One of the main applications of these gradients is to use during optimization. See the other [TODO] example notebook for a tutorial on how to do that from scratch, or use the ready-built [Qubit-Discovery](https://github.com/stanfordLINQS/Qubit-Discovery) module!

## Gotchas

Since SQcircuit uses PyTorch as a backend to compute gradients, there are a few things to be aware of if you haven't used PyTorch before.

### 1. Gradients add unless cleared

Suppose you calculate the gradient of the qubit frequency

```
qubit_frequency = circuit.efreqs[1] - circuit.efreqs[0]
qubit_frequency.backward()
```

and then calculate the gradient of the $T_1$ time due to capacitive loss
```
T1 = circuit.dec_rate('capacitive', (0, 1))
T1.backward()
```

The gradient of the elements will not be the gradient of just $T_1$, but instead the gradient of $T_1$ **plus** the gradient of $\omega_{10}$. This is because every time you call `.backward()`, PyTorch adds the gradient on. 

To fix this, you must reset the gradients to zero. To do this, call the `.zero_grad()` method of the circuit. 

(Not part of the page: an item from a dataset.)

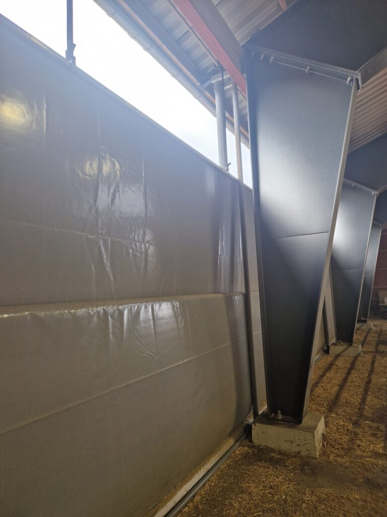 En gardin som rullas upp från botten för att ge luftintag vid golvnivå eller ovan vägg. Lämpar sig bra när det halmas med strömaskin eftersom gardinen sitter skyddad.
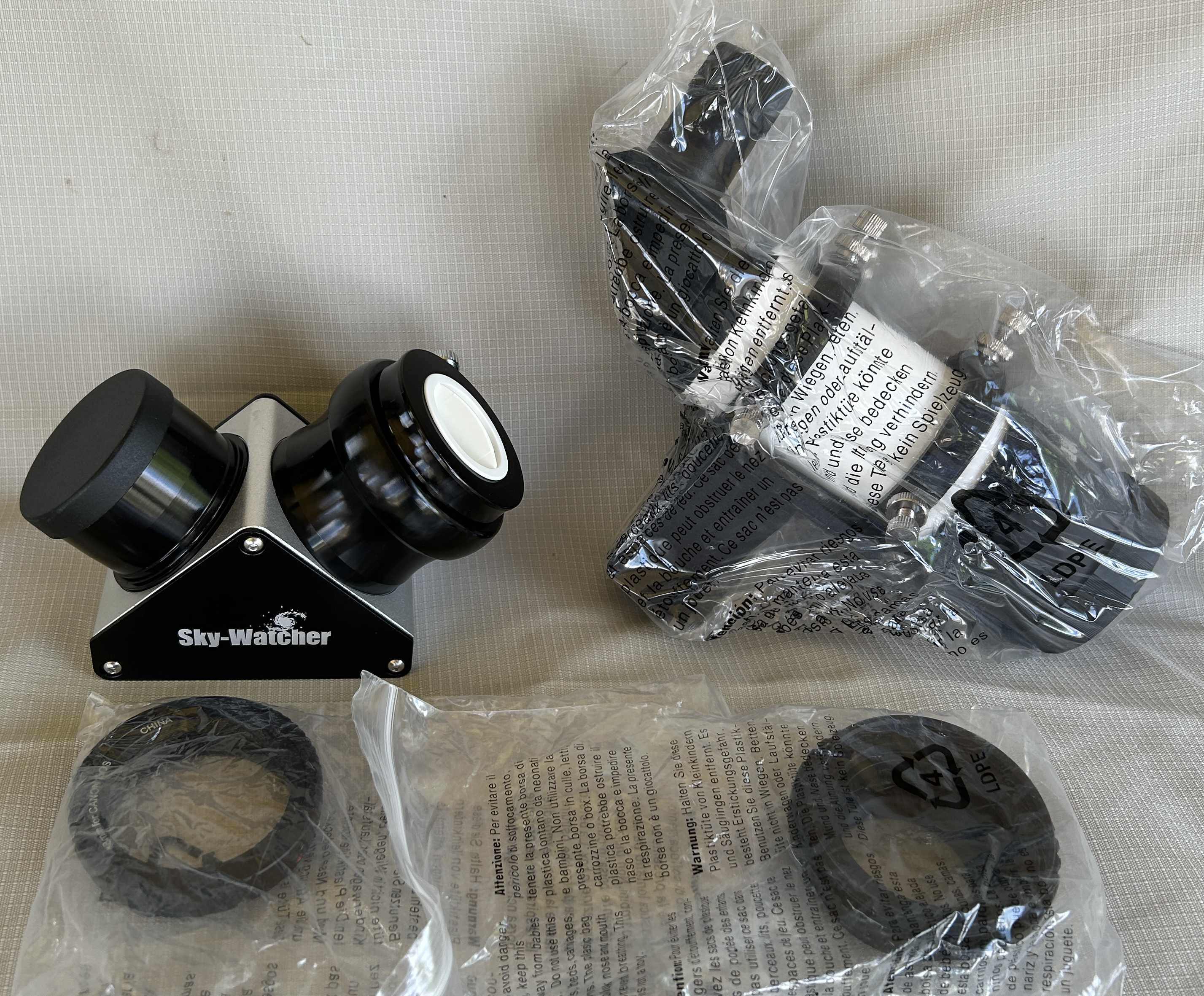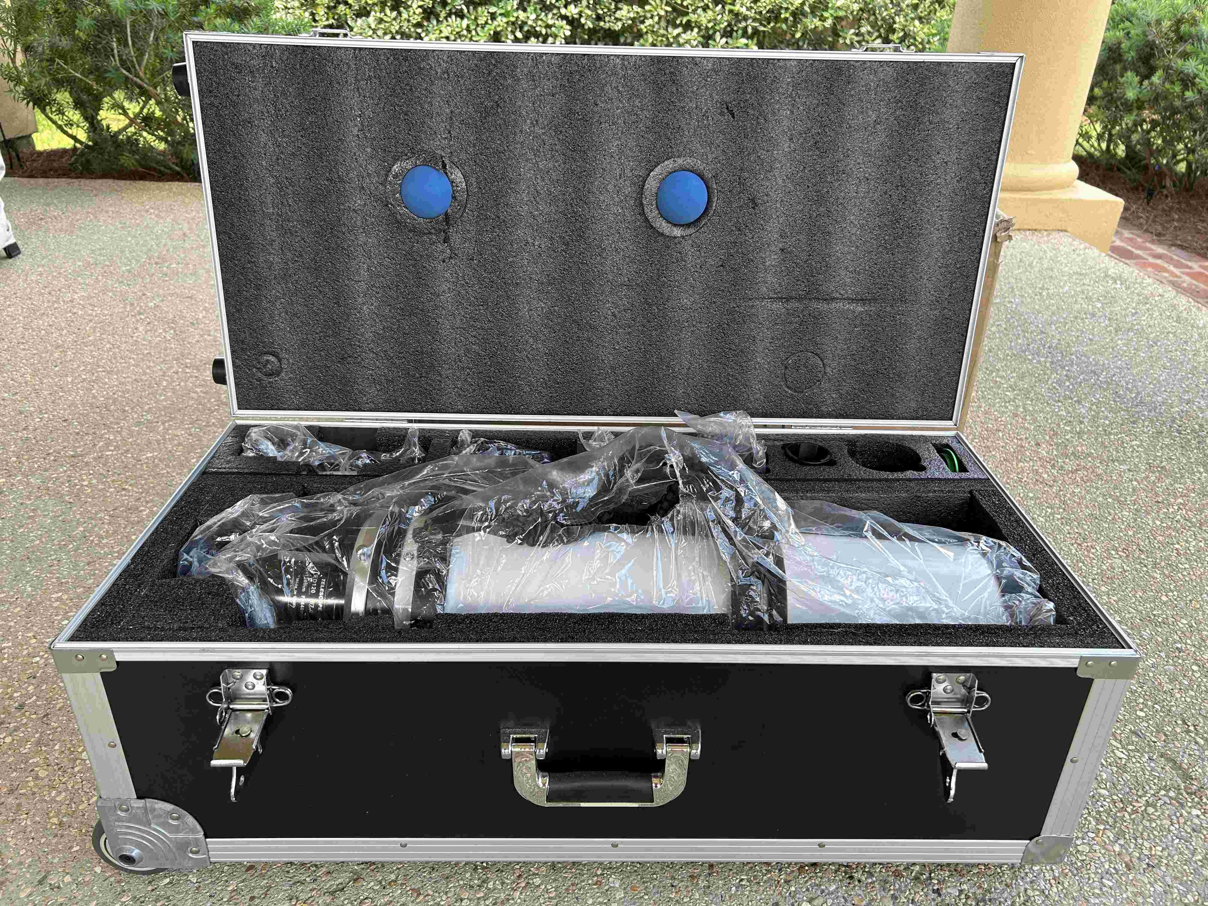 There is only one minor blemish on the body (see photo). The telescope will ship inside the Sky-Watch padded metal case, which will be inside the original Sky-Watcher padded cardboard box.

### 2. You can't call `.backward()` twice

Suppose you compute the qubit frequency and compute the gradients by calling `.backward()` on it.

```
qubit_frequency = cr.efreqs[1] - cr.efreqs[0]
qubit_frequency.backward()
```

If you need to recompute the gradient of `qubit_frequency` (for example, if you've zeroed the gradients in-between), calling `.backward()` on `qubit_frequency` again won't work. PyTorch automatically deletes some internal data after calling `.backward()` to save memory.

Instead, you need to recompute the value, and then call
```
qubit_frequency = cr.efreqs[1] - cr.efreqs[0]
qubit_frequency.backward()
```

If you know in advance you're going to need to recompute the gradient later, you can let PyTorch know by passing in `retain_graph=True` to `.backward()`.
```
qubit_frequency.backward(retain_graph=True)
```


### Takeaways

* Always call `circuit.zero_grad()` between calculating gradients of different functions.
* Don't call `.backward()` twice on the same value; to recompute a gradient you must recompute the value.